▸ **Action item**
The entries below are to be repeated exactly, and their pictures left out.

▸ **Data excerpts**
*** Begin section ***

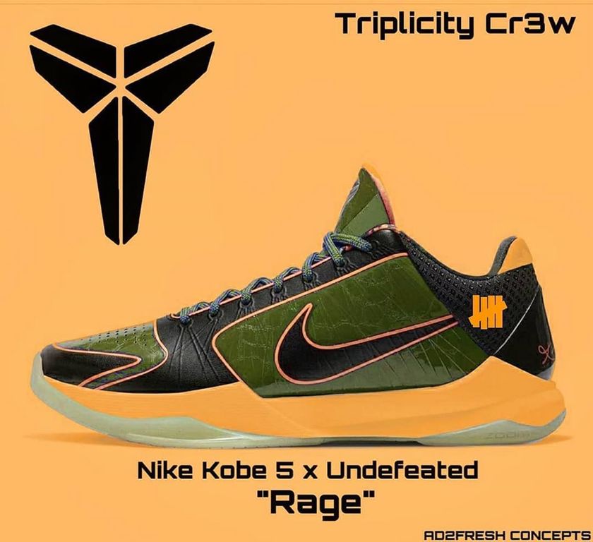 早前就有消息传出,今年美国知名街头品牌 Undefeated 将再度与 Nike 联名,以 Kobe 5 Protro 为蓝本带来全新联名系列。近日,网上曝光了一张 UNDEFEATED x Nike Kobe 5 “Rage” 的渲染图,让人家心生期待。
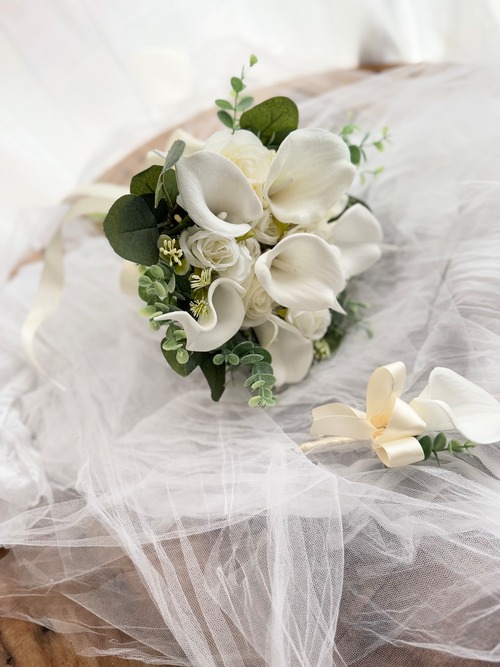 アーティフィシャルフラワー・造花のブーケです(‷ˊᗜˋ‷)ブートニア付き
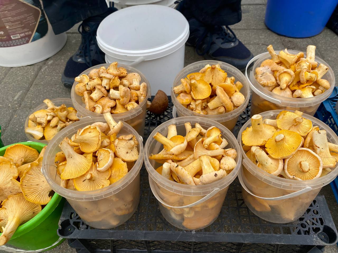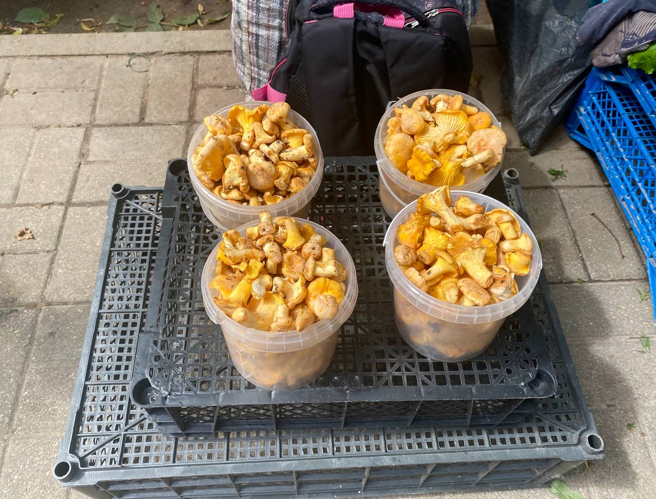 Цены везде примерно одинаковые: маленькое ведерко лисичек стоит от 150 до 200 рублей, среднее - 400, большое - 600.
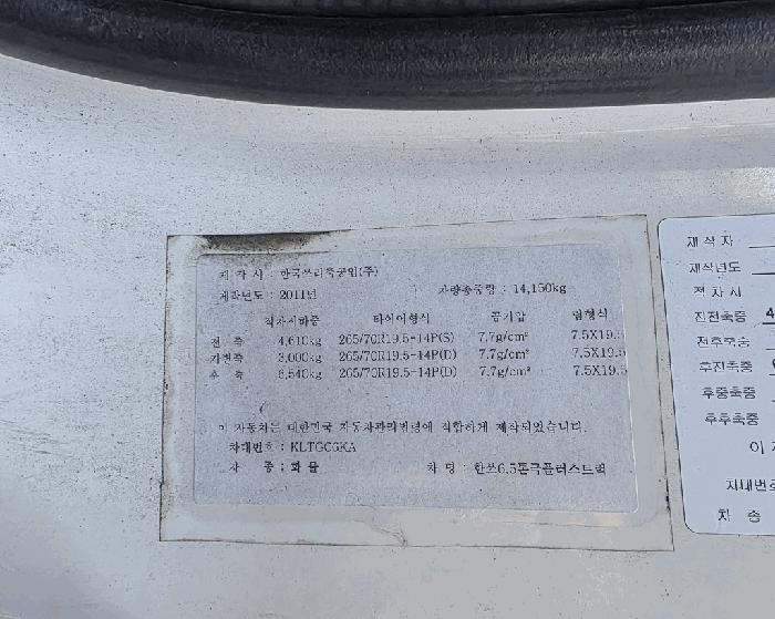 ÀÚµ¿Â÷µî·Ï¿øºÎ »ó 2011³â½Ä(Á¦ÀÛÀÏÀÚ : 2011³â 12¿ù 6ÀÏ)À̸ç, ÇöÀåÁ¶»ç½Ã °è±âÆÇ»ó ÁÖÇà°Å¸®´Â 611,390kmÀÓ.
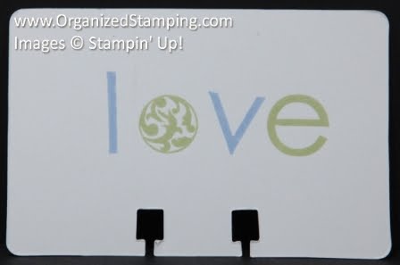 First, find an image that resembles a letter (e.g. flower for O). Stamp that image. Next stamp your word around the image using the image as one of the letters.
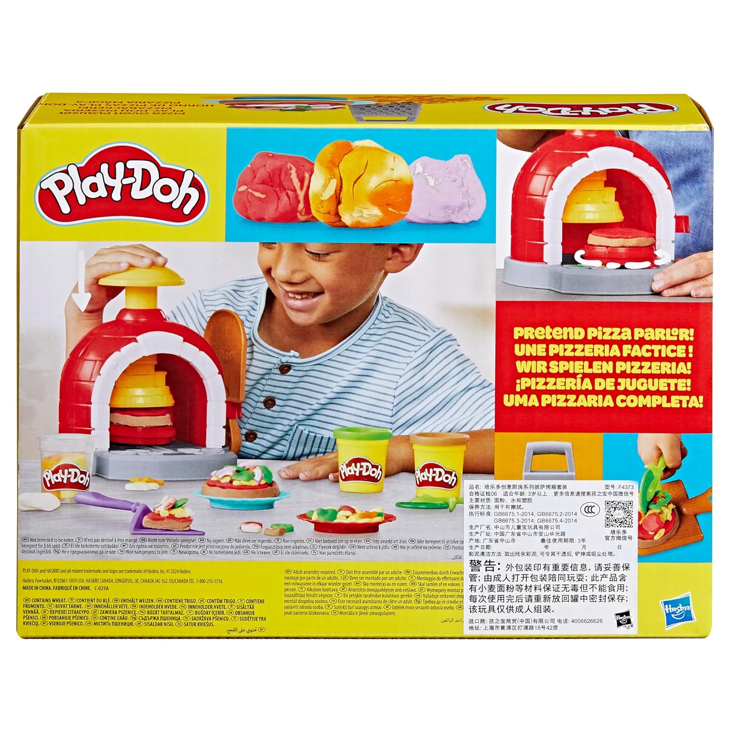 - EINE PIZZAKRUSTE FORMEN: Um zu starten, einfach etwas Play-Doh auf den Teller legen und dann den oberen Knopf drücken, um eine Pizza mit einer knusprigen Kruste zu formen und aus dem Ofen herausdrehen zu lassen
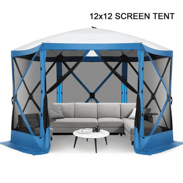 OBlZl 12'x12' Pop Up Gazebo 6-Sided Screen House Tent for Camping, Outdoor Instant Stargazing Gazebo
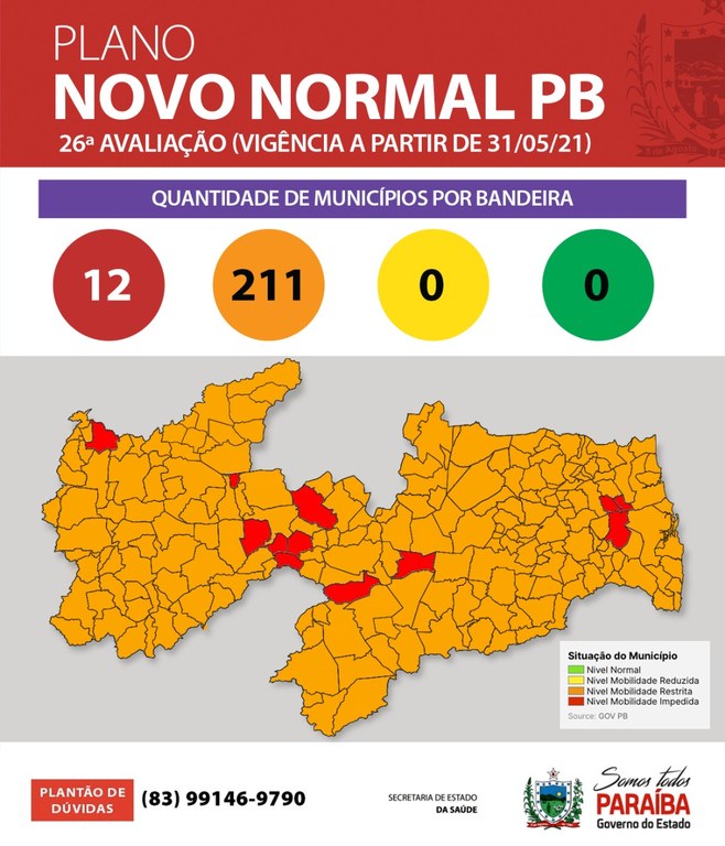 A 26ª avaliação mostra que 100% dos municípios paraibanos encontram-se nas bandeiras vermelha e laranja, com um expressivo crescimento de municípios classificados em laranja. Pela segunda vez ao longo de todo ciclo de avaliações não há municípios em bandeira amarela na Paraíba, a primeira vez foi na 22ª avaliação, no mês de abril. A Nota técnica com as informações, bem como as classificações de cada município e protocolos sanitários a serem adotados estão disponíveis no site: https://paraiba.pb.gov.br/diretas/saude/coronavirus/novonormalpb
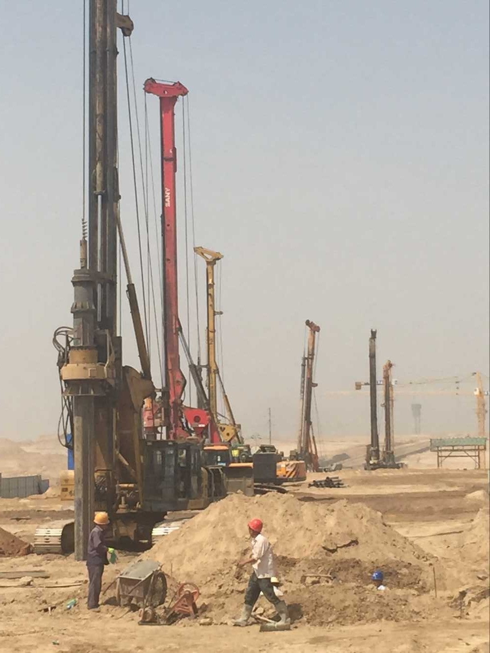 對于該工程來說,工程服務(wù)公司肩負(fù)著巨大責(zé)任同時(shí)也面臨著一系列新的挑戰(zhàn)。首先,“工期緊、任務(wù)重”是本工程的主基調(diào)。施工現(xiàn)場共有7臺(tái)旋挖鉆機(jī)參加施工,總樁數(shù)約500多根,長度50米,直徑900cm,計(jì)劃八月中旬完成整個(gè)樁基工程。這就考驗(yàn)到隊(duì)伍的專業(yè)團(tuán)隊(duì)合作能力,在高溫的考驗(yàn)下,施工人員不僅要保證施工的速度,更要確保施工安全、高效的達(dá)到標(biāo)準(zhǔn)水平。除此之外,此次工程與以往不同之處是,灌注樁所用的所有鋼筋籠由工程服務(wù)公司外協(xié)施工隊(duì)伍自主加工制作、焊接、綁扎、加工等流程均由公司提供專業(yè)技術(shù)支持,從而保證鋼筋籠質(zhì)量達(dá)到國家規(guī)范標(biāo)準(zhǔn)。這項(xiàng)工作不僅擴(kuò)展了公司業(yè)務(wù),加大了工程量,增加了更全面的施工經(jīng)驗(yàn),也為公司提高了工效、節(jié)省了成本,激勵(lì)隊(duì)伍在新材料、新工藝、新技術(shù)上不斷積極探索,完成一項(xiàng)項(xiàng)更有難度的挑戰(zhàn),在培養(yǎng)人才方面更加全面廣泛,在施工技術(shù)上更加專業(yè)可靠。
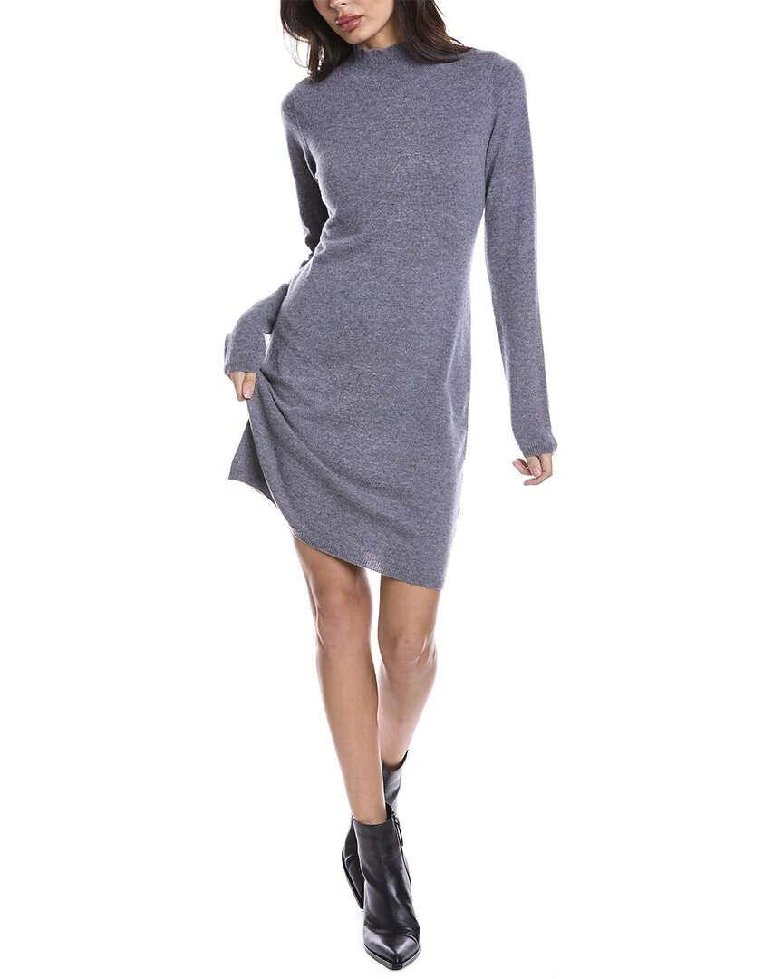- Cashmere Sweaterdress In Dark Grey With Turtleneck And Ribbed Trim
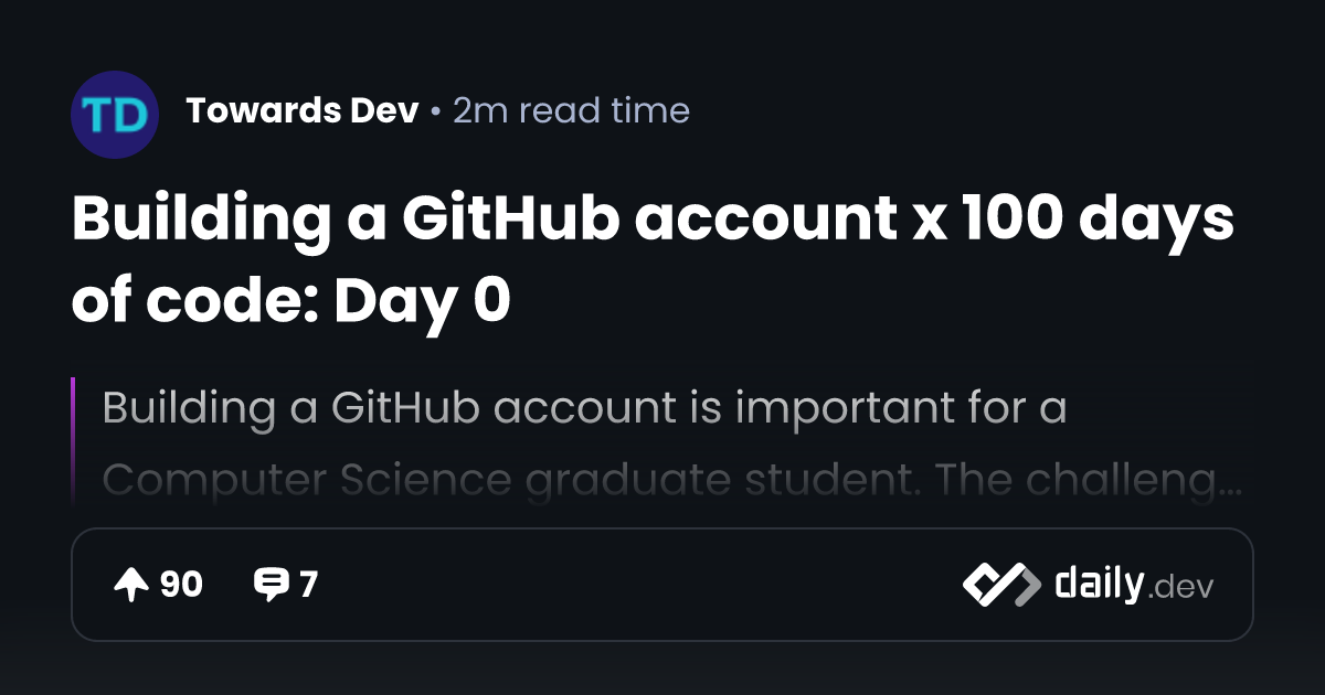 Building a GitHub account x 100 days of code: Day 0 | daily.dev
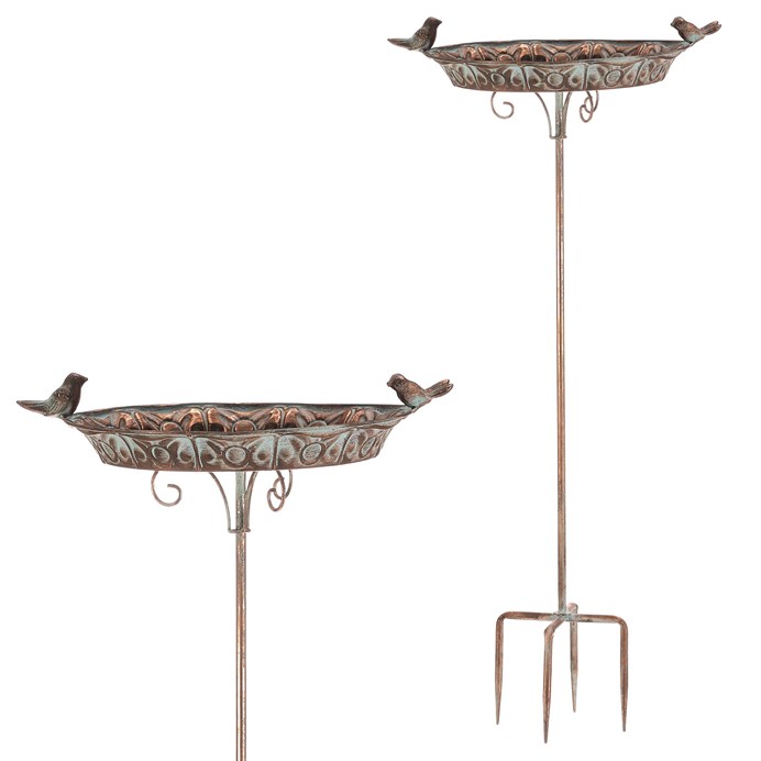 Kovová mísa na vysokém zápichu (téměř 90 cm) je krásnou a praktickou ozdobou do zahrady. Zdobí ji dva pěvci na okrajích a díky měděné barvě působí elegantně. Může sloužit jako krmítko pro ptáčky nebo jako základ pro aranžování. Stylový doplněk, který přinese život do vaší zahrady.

*** End section ***

▸ **Completed exercise**
 早前就有消息传出,今年美国知名街头品牌 Undefeated 将再度与 Nike 联名,以 Kobe 5 Protro 为蓝本带来全新联名系列。近日,网上曝光了一张 UNDEFEATED x Nike Kobe 5 “Rage” 的渲染图,让人家心生期待。
 アーティフィシャルフラワー・造花のブーケです(‷ˊᗜˋ‷)ブートニア付き
 Цены везде примерно одинаковые: маленькое ведерко лисичек стоит от 150 до 200 рублей, среднее - 400, большое - 600.
 ÀÚµ¿Â÷µî·Ï¿øºÎ »ó 2011³â½Ä(Á¦ÀÛÀÏÀÚ : 2011³â 12¿ù 6ÀÏ)À̸ç, ÇöÀåÁ¶»ç½Ã °è±âÆÇ»ó ÁÖÇà°Å¸®´Â 611,390kmÀÓ.
 First, find an image that resembles a letter (e.g. flower for O). Stamp that image. Next stamp your word around the image using the image as one of the letters.
 - EINE PIZZAKRUSTE FORMEN: Um zu starten, einfach etwas Play-Doh auf den Teller legen und dann den oberen Knopf drücken, um eine Pizza mit einer knusprigen Kruste zu formen und aus dem Ofen herausdrehen zu lassen
 OBlZl 12'x12' Pop Up Gazebo 6-Sided Screen House Tent for Camping, Outdoor Instant Stargazing Gazebo
 A 26ª avaliação mostra que 100% dos municípios paraibanos encontram-se nas bandeiras vermelha e laranja, com um expressivo crescimento de municípios classificados em laranja. Pela segunda vez ao longo de todo ciclo de avaliações não há municípios em bandeira amarela na Paraíba, a primeira vez foi na 22ª avaliação, no mês de abril. A Nota técnica com as informações, bem como as classificações de cada município e protocolos sanitários a serem adotados estão disponíveis no site: https://paraiba.pb.gov.br/diretas/saude/coronavirus/novonormalpb
 對于該工程來說,工程服務(wù)公司肩負(fù)著巨大責(zé)任同時(shí)也面臨著一系列新的挑戰(zhàn)。首先,“工期緊、任務(wù)重”是本工程的主基調(diào)。施工現(xiàn)場共有7臺(tái)旋挖鉆機(jī)參加施工,總樁數(shù)約500多根,長度50米,直徑900cm,計(jì)劃八月中旬完成整個(gè)樁基工程。這就考驗(yàn)到隊(duì)伍的專業(yè)團(tuán)隊(duì)合作能力,在高溫的考驗(yàn)下,施工人員不僅要保證施工的速度,更要確保施工安全、高效的達(dá)到標(biāo)準(zhǔn)水平。除此之外,此次工程與以往不同之處是,灌注樁所用的所有鋼筋籠由工程服務(wù)公司外協(xié)施工隊(duì)伍自主加工制作、焊接、綁扎、加工等流程均由公司提供專業(yè)技術(shù)支持,從而保證鋼筋籠質(zhì)量達(dá)到國家規(guī)范標(biāo)準(zhǔn)。這項(xiàng)工作不僅擴(kuò)展了公司業(yè)務(wù),加大了工程量,增加了更全面的施工經(jīng)驗(yàn),也為公司提高了工效、節(jié)省了成本,激勵(lì)隊(duì)伍在新材料、新工藝、新技術(shù)上不斷積極探索,完成一項(xiàng)項(xiàng)更有難度的挑戰(zhàn),在培養(yǎng)人才方面更加全面廣泛,在施工技術(shù)上更加專業(yè)可靠。
- Cashmere Sweaterdress In Dark Grey With Turtleneck And Ribbed Trim
 Building a GitHub account x 100 days of code: Day 0 | daily.dev
 Kovová mísa na vysokém zápichu (téměř 90 cm) je krásnou a praktickou ozdobou do zahrady. Zdobí ji dva pěvci na okrajích a díky měděné barvě působí elegantně. Může sloužit jako krmítko pro ptáčky nebo jako základ pro aranžování. Stylový doplněk, který přinese život do vaší zahrady.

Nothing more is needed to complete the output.